##### Information provided
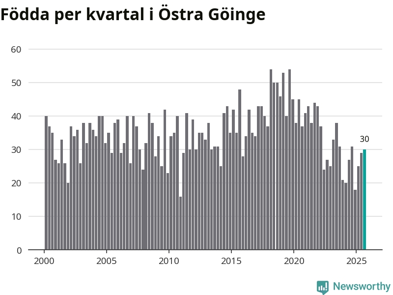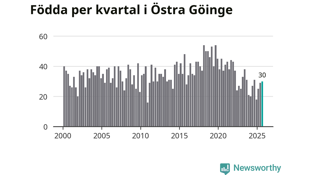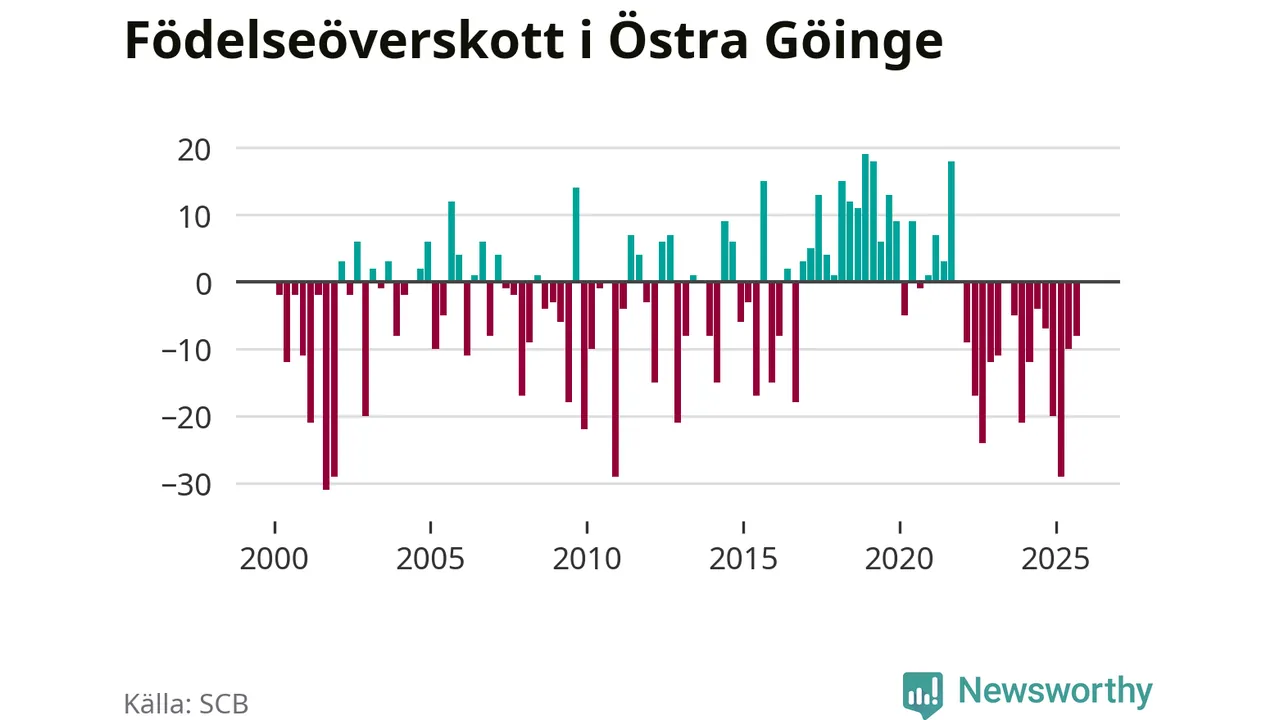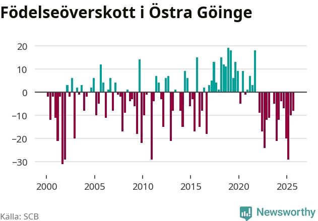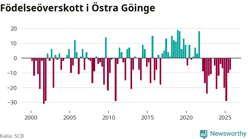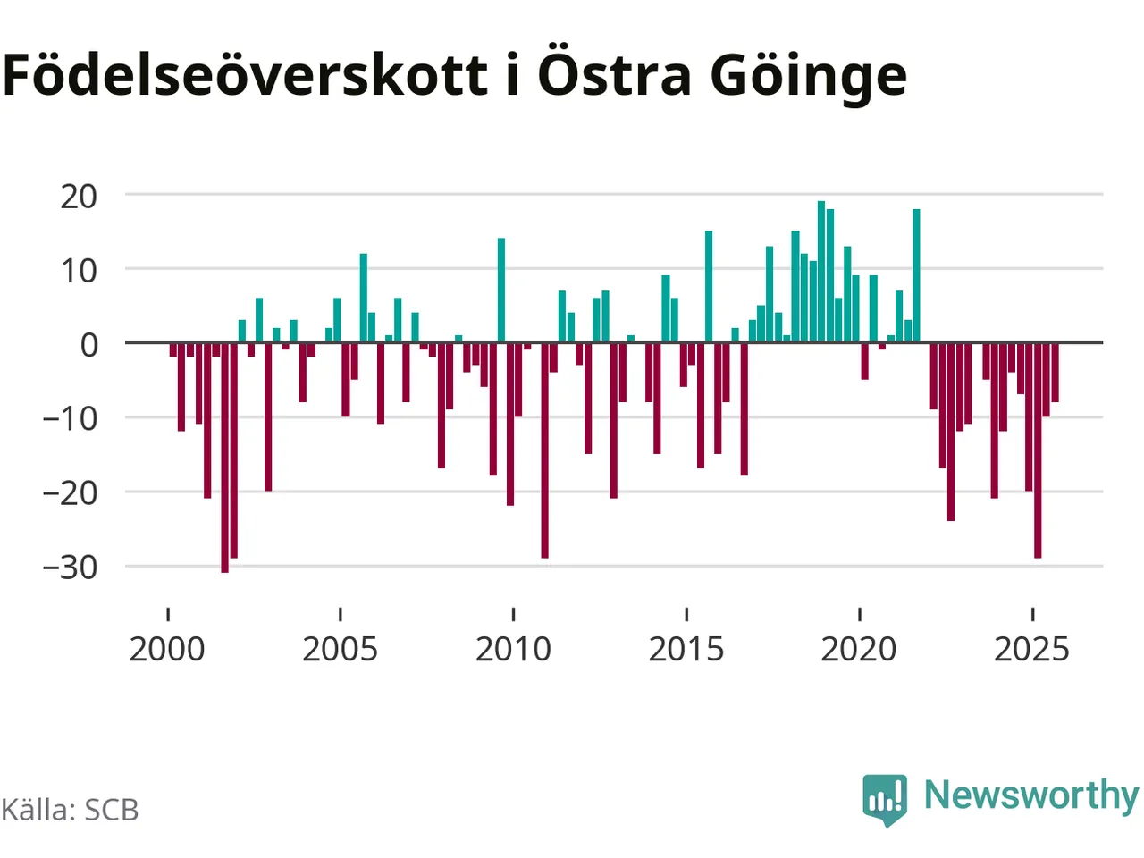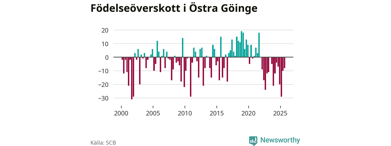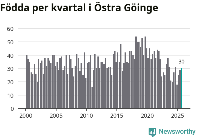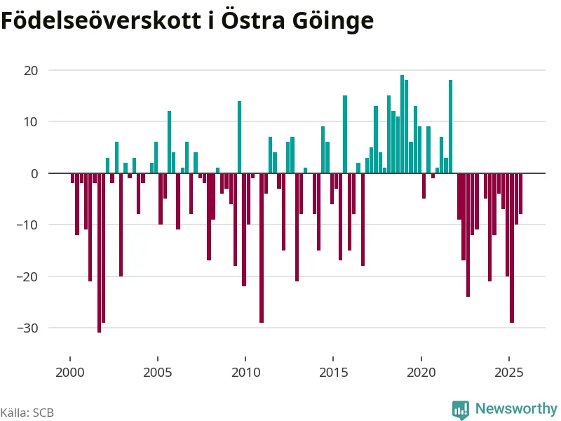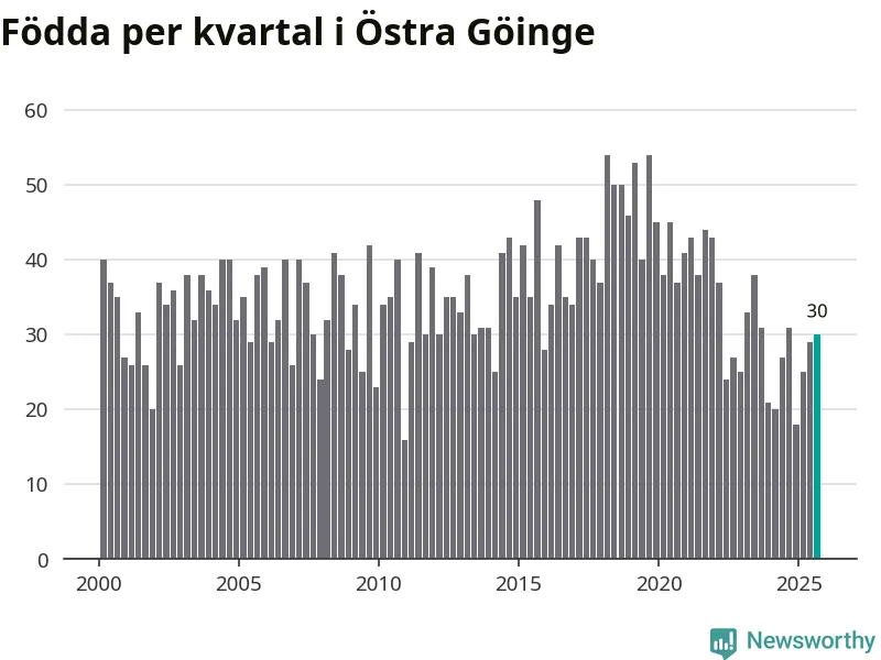 Enligt SCB:s siffror föddes 30 barn i Östra Göinge under det senaste kvartalet. Samtidigt avled 38 personer. Skillnaden mellan antal födda och döda är så liten att det inte går att säga om det beror på något annat än SCB:s röjandeskydd. Kommunen har historiskt sett haft ungefär lika många kvartal med positivt födelsenetto som negativt.
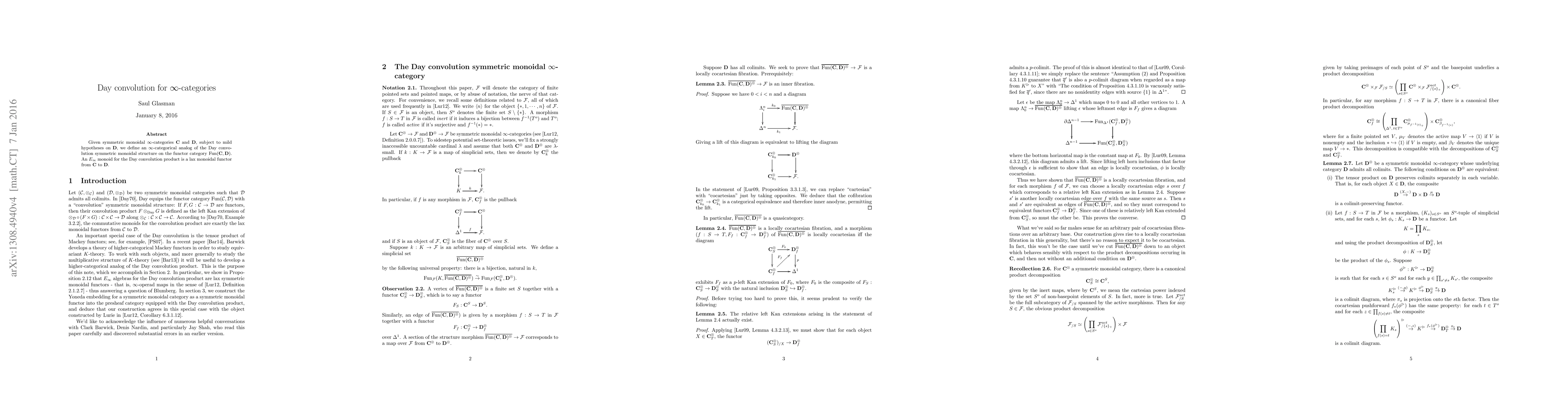 Two-line summary: This paper defines an infinity-categorical analog of Day convolution for symmetric monoidal infinity-categories, providing a symmetric monoidal structure on the functor category Fun(C, D). An E_infinity monoid for this structure is characterized as a lax monoidal functor from C to D.
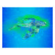 Un tableau numérique d'une tortue de mer hawaïenne en voie de disparition nageant, peint en bleu et vert de l'océan.
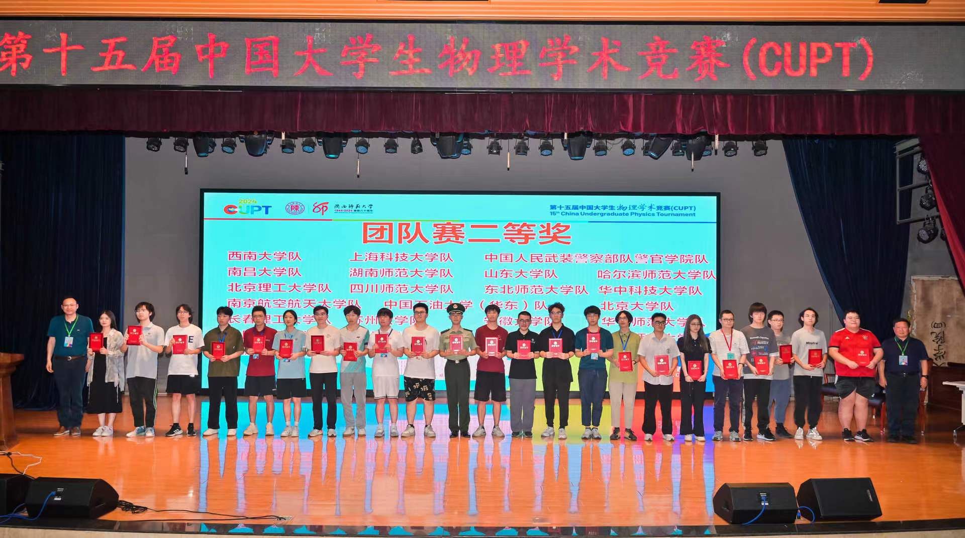 (孟庆国/文)8月18日,第十五届中国大学生物理学术竞赛国赛在西安陕西师范大学举行,来自北京大学、复旦大学、中国科学技术大学等全国67所高校的68支代表队参加全国总决赛。经过五轮对抗赛,我校代表队获得总成绩第24名,荣获国赛二等奖,并获得直通2025年第十六届中国大学生物理学术竞赛国赛资格。
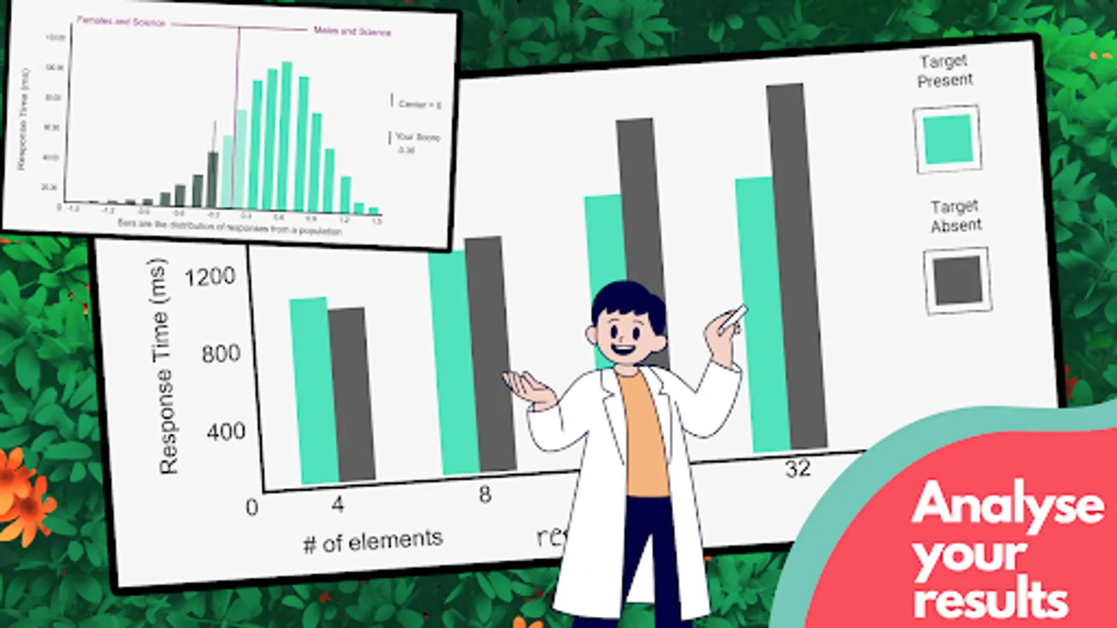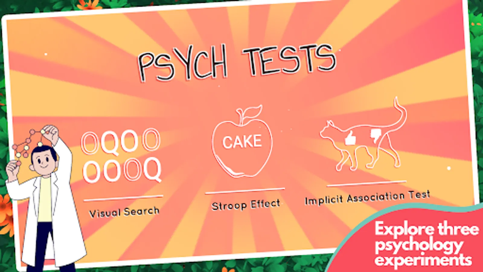 Run classic psychology experiments with Psych tests. Test your reaction speed with the Stroop Effect word game, explore the effects of distractors in the Visual Search mini game, and learn about unconscious biases in the Implicit Association Test.
##########
__Prompt__:
Write out the lines from the line with "Un tableau numérique" through the end of the records exactly; do not include pictures or any other lines.

__Answer box__:
 Un tableau numérique d'une tortue de mer hawaïenne en voie de disparition nageant, peint en bleu et vert de l'océan.
 (孟庆国/文)8月18日,第十五届中国大学生物理学术竞赛国赛在西安陕西师范大学举行,来自北京大学、复旦大学、中国科学技术大学等全国67所高校的68支代表队参加全国总决赛。经过五轮对抗赛,我校代表队获得总成绩第24名,荣获国赛二等奖,并获得直通2025年第十六届中国大学生物理学术竞赛国赛资格。
 Run classic psychology experiments with Psych tests. Test your reaction speed with the Stroop Effect word game, explore the effects of distractors in the Visual Search mini game, and learn about unconscious biases in the Implicit Association Test.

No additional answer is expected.